New Dating Site, Affair at Work, Is Trying to Help Coworkers Cheat

Photo credit: d3sign
Photo credit: d3sign

From Cosmopolitan

  • New dating service called Affair at Work is trying to help coworkers cheat with each other by having a “safe affair.”

  • It seems kind of like the Secret Crush feature on Facebook Dating.

  • If you and your workplace crush both express an interest in each other, you get an email saying so, and then you can go ahead and commence your affair, I guess?

  • The founder said he believes the service will lessen the chance of #MeToo moments in the workplace...

  • ...but it doesn’t seem like he’s got a strong grasp of what exactly was so problematic about #MeToo workplace harassment.


A new dating site called Affair at Work wants to help coupled-up employees cheat with their coworkers by having “safe affairs” in the workplace, according to a report by the New York Post.

Cheating sites like Ashley Madison aren’t anything new, but Affair at Work differs because it’s more about verifying if an office crush is into you rather than showing you a database of potential people looking for affairs. While the service was created with affairs in mind, there’s nothing stopping you from just using it to assess any person’s feelings toward you, regardless if they’re in another relationship or not.

The service works via Instagram, where you can then access a form on which you can list your work crush’s Instagram handle. The site then contacts your workplace crush and invites them to sign in and see who likes them. If two people both like each other, the site sends an email to both parties so you both know there’s at least mutual attraction before you make a move.
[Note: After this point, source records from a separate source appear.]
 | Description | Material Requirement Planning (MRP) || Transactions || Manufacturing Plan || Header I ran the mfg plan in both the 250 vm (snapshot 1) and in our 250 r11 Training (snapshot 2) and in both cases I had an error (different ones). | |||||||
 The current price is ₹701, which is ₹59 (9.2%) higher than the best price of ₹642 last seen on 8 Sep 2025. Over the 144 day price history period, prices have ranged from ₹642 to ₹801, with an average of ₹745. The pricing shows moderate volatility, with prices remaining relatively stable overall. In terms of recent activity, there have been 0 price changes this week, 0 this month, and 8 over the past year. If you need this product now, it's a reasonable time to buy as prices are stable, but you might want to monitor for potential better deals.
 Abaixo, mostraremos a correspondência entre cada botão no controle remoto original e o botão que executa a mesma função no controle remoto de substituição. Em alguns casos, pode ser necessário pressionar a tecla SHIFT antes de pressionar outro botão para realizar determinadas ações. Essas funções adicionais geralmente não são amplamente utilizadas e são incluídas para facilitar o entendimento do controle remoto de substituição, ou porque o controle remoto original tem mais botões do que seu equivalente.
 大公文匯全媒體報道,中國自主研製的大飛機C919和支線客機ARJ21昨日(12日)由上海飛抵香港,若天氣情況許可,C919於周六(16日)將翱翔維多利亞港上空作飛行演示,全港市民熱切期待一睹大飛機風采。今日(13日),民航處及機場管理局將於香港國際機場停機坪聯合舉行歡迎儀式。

In an interview with the Post, the site’s founder, Mike (who only gave his first name for privacy issues), suggested that Affair at Work will also help counter #MeToo moments in the workplace.

“You can avoid rejection and shame and even avoid being reported at work for harassment,” Mike said to the paper. “If you ask someone out, you don’t know if that person might go to HR to say that you were proposing something,” he continued.
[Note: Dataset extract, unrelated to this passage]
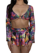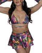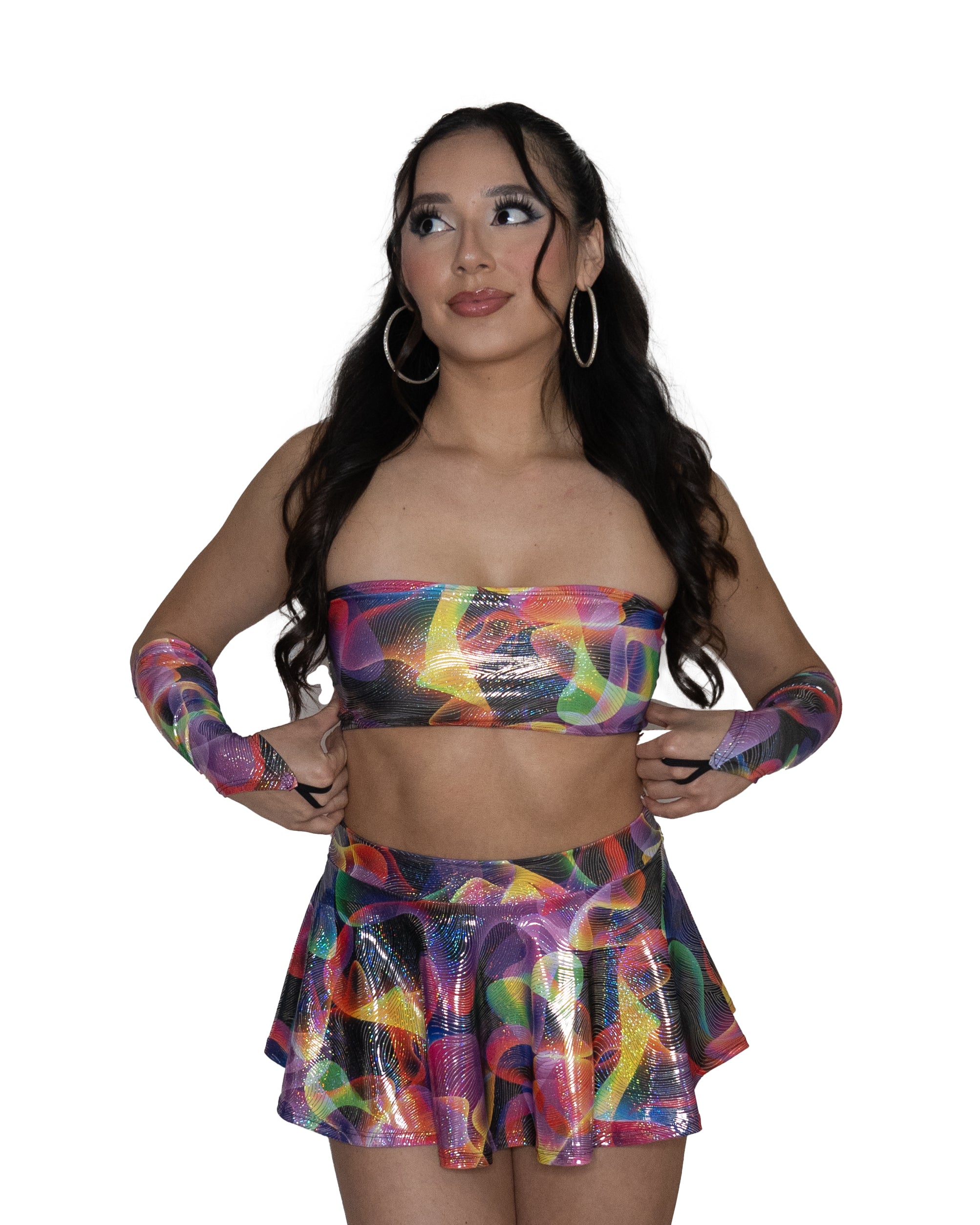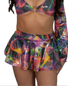Twirl into the spotlight with the Prisma Boo Flowy Mini Skirt, the perfect blend of flirty and baddie festival vibes. Made from the dazzling Prisma print fabric, this holographic mini skirt catches the light with every move. Its flowy silhouette adds a playful touch, making it perfect for dancing at raves, festivals, or any event where you want to shine. Pair it with the matching Prisma Boo pieces for a complete statement look!
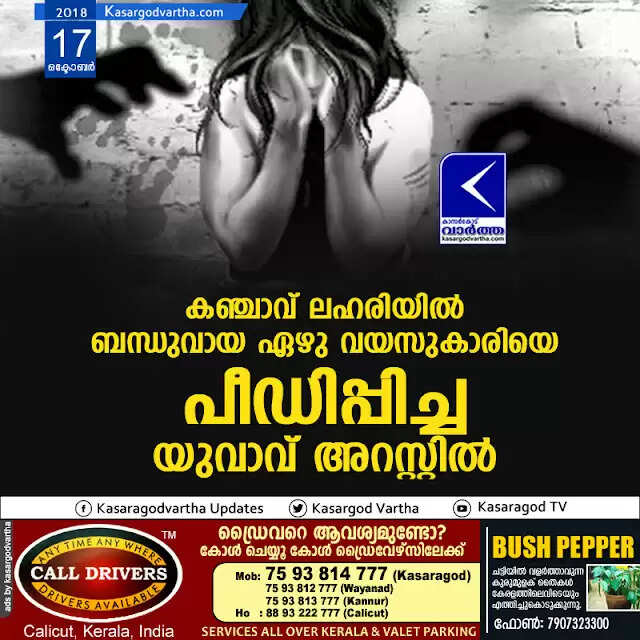 കഞ്ചാവ് ലഹരിയില് ബന്ധുവായ ഏഴു വയസുകാരിയെ പീഡിപ്പിച്ച യുവാവ് അറസ്റ്റില്

Okay, but if you ask someone out, you should be able to predict if that person has a case for going to HR based on whether you’re in a position of power over them? It’s not like a 50/50 toss-up that women can’t decide between systemic workplace harassment and consensual flirting, and anyone has a risk of winding up getting in trouble if they shoot their shot. (Company policy, peeps.) But if you’re someone’s boss and you ask out an employee you manage...yeah, you very well could wind up in HR, no shit.
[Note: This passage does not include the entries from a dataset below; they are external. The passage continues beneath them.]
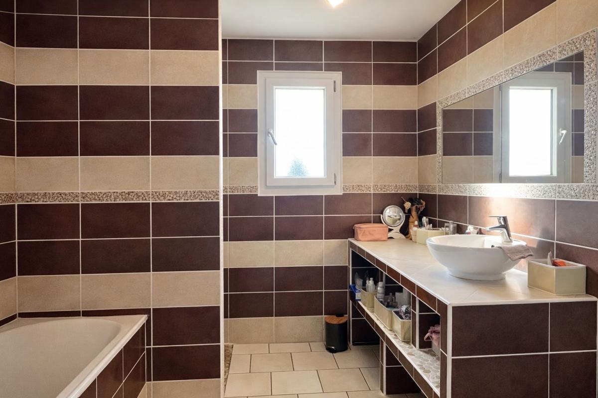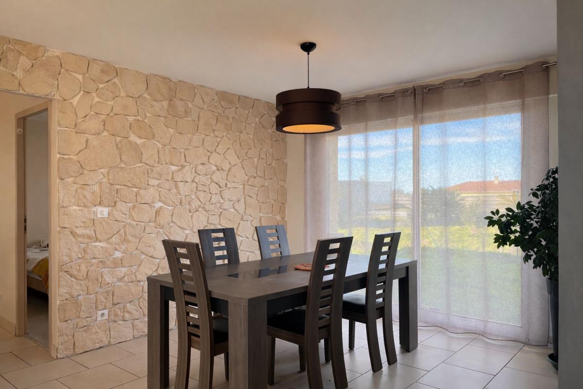 Elle se compose d'un séjour / salle à manger lumineux, d'une cuisine semi-ouverte aménagée et équipée, de quatre chambres, ainsi que d'une salle de bains avec douche et baignoire. Un cellier complète l'espace intérieur.
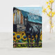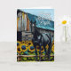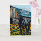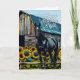 Personalisierte Geburtstagskarte. Hübsches schwarzes Pferd stehend vor einer alten rustikalen Scheune umgeben von Sonnenblumen Wandkunst.
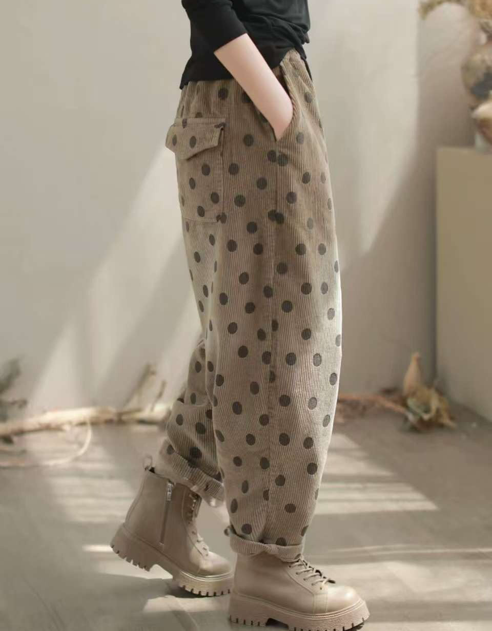 Relaxed Fit Polka Dot Corduroy Casual Pants for Women
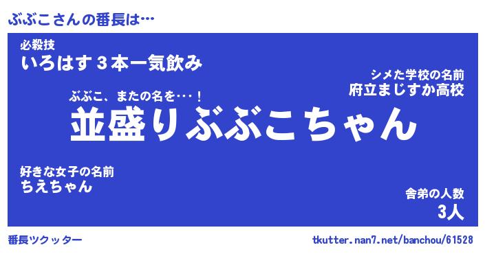 | 2回繰り返すあだ名 | 『ぶぶぶぶ』『ぶぶぶぶ』『ねばねば』 |
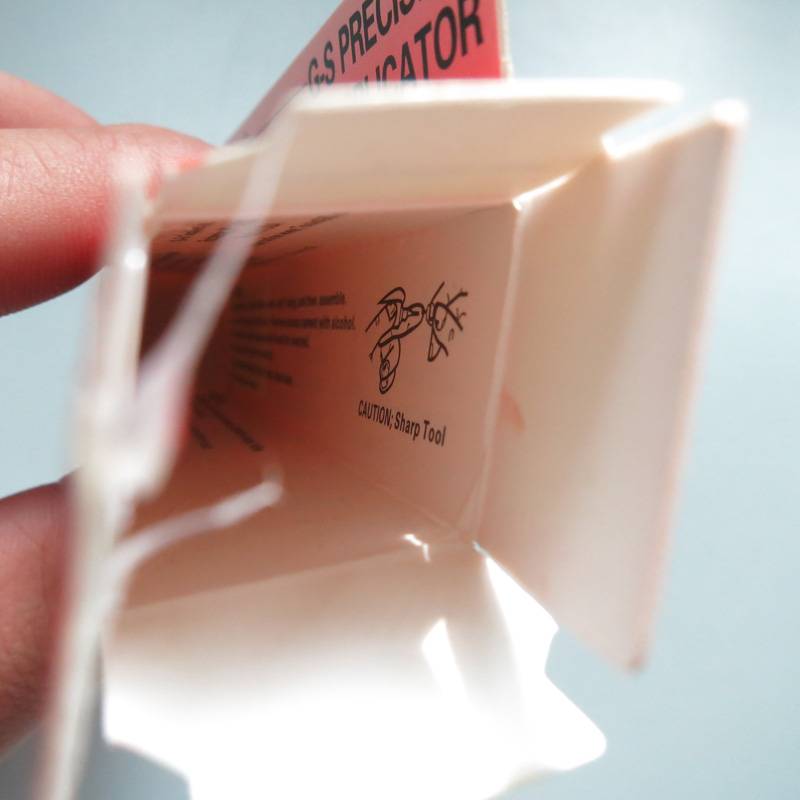 Полное использование наконечника прецизионного аппликатора поддерживается путем вставки провода колпачка в трубку, когда она не используется, и путем очистки лишних капель снаружи аппликатора с помощью протирания спирта или удаления лака для ногтей.

By setting up only those who want to be set up, it’s an understandable effort, but much of the #MeToo workplace dialogue was about the inappropriate use of power, and it doesn’t seem like Affair at Work takes hierarchy into consideration. What’s to stop a user from thinking they’re getting a message from someone at the same rank as them but really it’s, like, their boss’s boss?

The stats show that millennial women aren’t opposed to dating within their offices—in fact, a recent Cosmopolitan survey showed that 84 percent of readers would date someone at their company who wasn’t on their team...still, abuses of power need to be considered in all cases.

As for now, Affair at Work claims to have made 20 reciprocal matches and fielded more than 350 requests so far. Once it hits 500 inquiries, it’ll start charging $9.99 to view a match. What...you thought it was doing this for free in the name of love? Ha!